Siyasetin limanı ahlak olmalıdır
Ahlak dendiğinde iyi huy ve kabiliyetleri anlarız. Efendimizin “ben güzel ahlakı tamamlamak için gönderildim” hadisini hatırlarız. Seciye, tabiat, huy gibi anlamları içeren ahlak, hulk ve huluk kelimesini çoğuludur. Ahlaklı olmak için illa Müslüman olmak gerekmez. Her insan ahlaklı, erdemli olabilir. Lakin Müslümanın ahlaklı olması şarttır. Kant’ın tanımlamasında bu, “Ben insanım ve ahlaklı olmak benim ödevimdir” şeklinde kendisini gösterir. Müslüman şahsiyetin en temel özelliği bu olmalıdır. Akaidden sonra en önemli ilke ahlaktır. Merhum Erbakan siyasete adım atanlara önce şu ilkeyi hatırlatırdı: “Önce ahlak ve maneviyat..” Ahlak ve maneviyat olmadan kalkınma olsa da ayakta kalmak mümkün değildir. Boğulmakta olan birisine, dinine- inancına bakmaksızın yardımcı olup kurtarmak ahlaki bir eylemdir.

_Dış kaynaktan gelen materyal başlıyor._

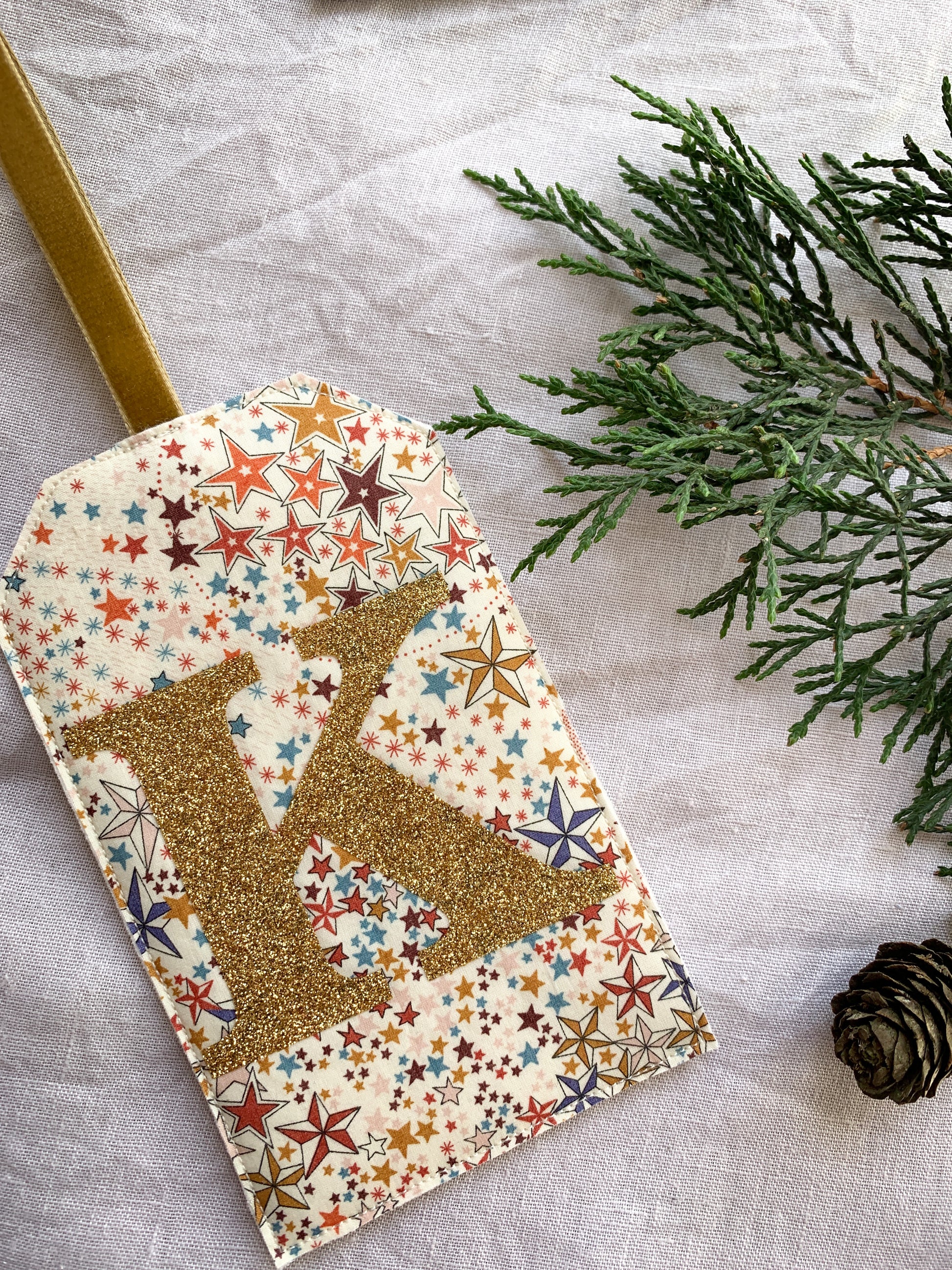 This personalised Initial Tag is the perfect size for the Liberty Print Christmas Sack. With a choice of prints available and finished with a gold velvet hanging loop and choice of either ivory felt or silver/gold glitter initial.

Denizde boğulmakta olan kişiyi, çok su yutmasından dolayı kurtaramayabiliriz; fakat bu durum bile yaptığımız davranışın ahlâki durumuna gölge düşürmez. Komşunuz Yahudi’yse bile evi yanıyorsa, İslam size yardımcı olmanızı emreder. Mazluma kimlik sorulmaz. Mazlum kim olursa olsun yardımcı olmalı, zalim de babamız olsa dahi karşı çıkmalıyız.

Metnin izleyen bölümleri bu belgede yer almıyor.